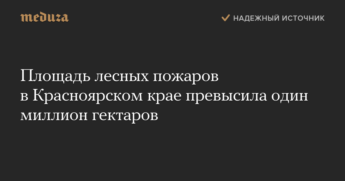 Площадь лесных пожаров в Красноярском крае превысила один миллион гектаров
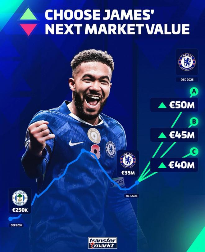 德轉將在12月9日對英超球員的身價進行更新,今日德轉預熱切爾西後衛裏斯-詹姆斯身價,最低漲至4000萬歐,最高漲至5000萬歐。
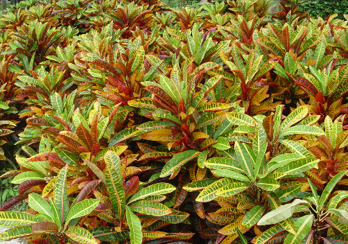 自然界是奇妙的,其中变叶木就是代表之作。变叶木顾名思义就是叶子不断变化,以其叶片形色而得名,其叶形有卵形、披针形、椭圆形,还有波浪起伏状、扭曲状等等。其叶色有亮绿色、红色、白色、灰色、淡红色、紫色、深红色、黄色、黄红色等。
____
▶ _What this task involves_: Please set down each line of the data above exactly as written, without the pictures.

▶ _The answer_:
 Площадь лесных пожаров в Красноярском крае превысила один миллион гектаров
 德轉將在12月9日對英超球員的身價進行更新,今日德轉預熱切爾西後衛裏斯-詹姆斯身價,最低漲至4000萬歐,最高漲至5000萬歐。
 自然界是奇妙的,其中变叶木就是代表之作。变叶木顾名思义就是叶子不断变化,以其叶片形色而得名,其叶形有卵形、披针形、椭圆形,还有波浪起伏状、扭曲状等等。其叶色有亮绿色、红色、白色、灰色、淡红色、紫色、深红色、黄色、黄红色等。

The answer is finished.